Al Pierce just got his broker certification from Washington’s state-run exchange on Oct. 17. That’s nearly three weeks after the exchange opened and almost two months since he completed the required training on Sept. 3.

“That’s disappointing, certainly,” says the president of the Washington Association of Health Underwriters and managing member of O’Connell-Pierce Benefits, LLC in Spokane, Wash.

The state released numbers on Tuesday that about 4,520 people have bought health coverage. “I would have to imagine that a portion, if not a good portion, of those did not have … an agent,” he says, because of how late into October he received his own “agent writing number.”

‘Our market now’

Washington is unique in that only two counties have a SHOP exchange component. Although traditionally a group benefits adviser Pierce, who does not work in one of those two counties, will be enrolling only individuals when working on the exchanges.

“We understand that this is our market now, and we’re looking at this as an opportunity to expand and grow our business,” he says. “We were thinking we were a part of putting together an exchange that will work for everyone — the consumer, the state, the exchange itself and the broker community — because that’s our marketplace.”
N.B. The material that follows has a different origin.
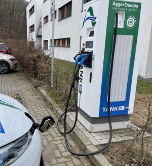 Wer das Auto trotzdem länger dort abstellt, wird zum Falschparker; ein Knöllchen ist dann obligatorisch. Anders als bei den nur einige Meter entfernten Stationen im Forum-Parkhaus - wo das „Tanken“ vorerst kostenlos bleibt - muss an den neuen Ladesäulen bezahlt werden: 39 Cent pro Kilowattstunde für den Standardvorgang und 49 Cent für die schnellere Variante. Kunden der AggerEnergie erhalten jeweils zehn Cent Rabatt. Dafür muss man sich über die App „TankE-Netzwerk“ registrieren und man kann den Ladevorgang dann außerdem per QR-Code starten. Die Abrechnung erfolgt über das beim Versorger hinterlegte Girokonto. Alle anderen Nutzer können mit Kreditkarte bezahlen.

He explains that WAHU worked hard to make suggestions for how brokers can help consumers the most on the exchange. But the group “felt shut out” when the state neglected to include an option for individuals signing themselves up to input an agent’s number to link the sale to that agent.

The way it works now is that when “a person makes an account they get a drop-down menu of agent names and can choose one.” But with many people window shopping, if they do not do the agent selection first, but do receive advice from an agent at some point, he explains it’s difficult for the consumer to add an agent’s number when making their final purchase.
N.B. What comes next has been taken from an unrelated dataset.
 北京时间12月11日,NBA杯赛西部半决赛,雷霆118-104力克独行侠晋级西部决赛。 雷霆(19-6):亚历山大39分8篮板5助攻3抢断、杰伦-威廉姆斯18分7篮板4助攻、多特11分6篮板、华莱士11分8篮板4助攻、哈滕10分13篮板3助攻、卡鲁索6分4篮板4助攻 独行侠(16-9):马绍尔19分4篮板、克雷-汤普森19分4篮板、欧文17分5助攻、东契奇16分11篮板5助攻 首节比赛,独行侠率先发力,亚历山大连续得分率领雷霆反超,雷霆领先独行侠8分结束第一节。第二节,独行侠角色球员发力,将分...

Pierce reiterates: “Things have been disappointing on the agent side, but the exchange itself had 1.9 million hits on Oct. 1 …. and it’s accomplishing what I think their intent is, which is to allow access to information from a consumer point of view.”

Other states

EBA has reported on California’s similar bottleneck in agent certification, with only 1,295 insurance agents cleared to work on the exchange by Oct. 12, with 3,382 approvals in progress. So while many media outlets have been reporting that the state-run exchanges like Washington, Connecticut and Kentucky are working better than the federally-run, it’s not quite that way from the broker perspective.

“In Kentucky, we have small groups thinking about individual a lot,” says Matt Schwartz, president of Schwartz Employee Benefits in Louisville, Ky., and president of Kentucky Association of Health Underwriters. This is a trend that other brokers have flagged since Oct. 1.

“It’s a big sigh of relief that we don’t have the problems that everyone else has,” Schwartz says about website and rate issues. And Schwartz and his colleague who went through the state’s broker training didn’t have problems with certification, either. Where there are problems in Kentucky, he says, is on the SHOP exchange.

“The only small-group rates we have so far are Anthem, and they’re not really ready yet,” he says. “We can’t go on a computer. We have to send it to them on paper and wait.” And for an agent who isn’t planning to focus on individuals much at all, this is a problem.

Both Pierce and Schwartz were hopeful that the worst is over for brokers. “I have a feeling that I’ll see more qualified health plans sold over the coming weeks and months because I think those people will be involved with agents who were waiting for their names to appear on the site,” Pierce says.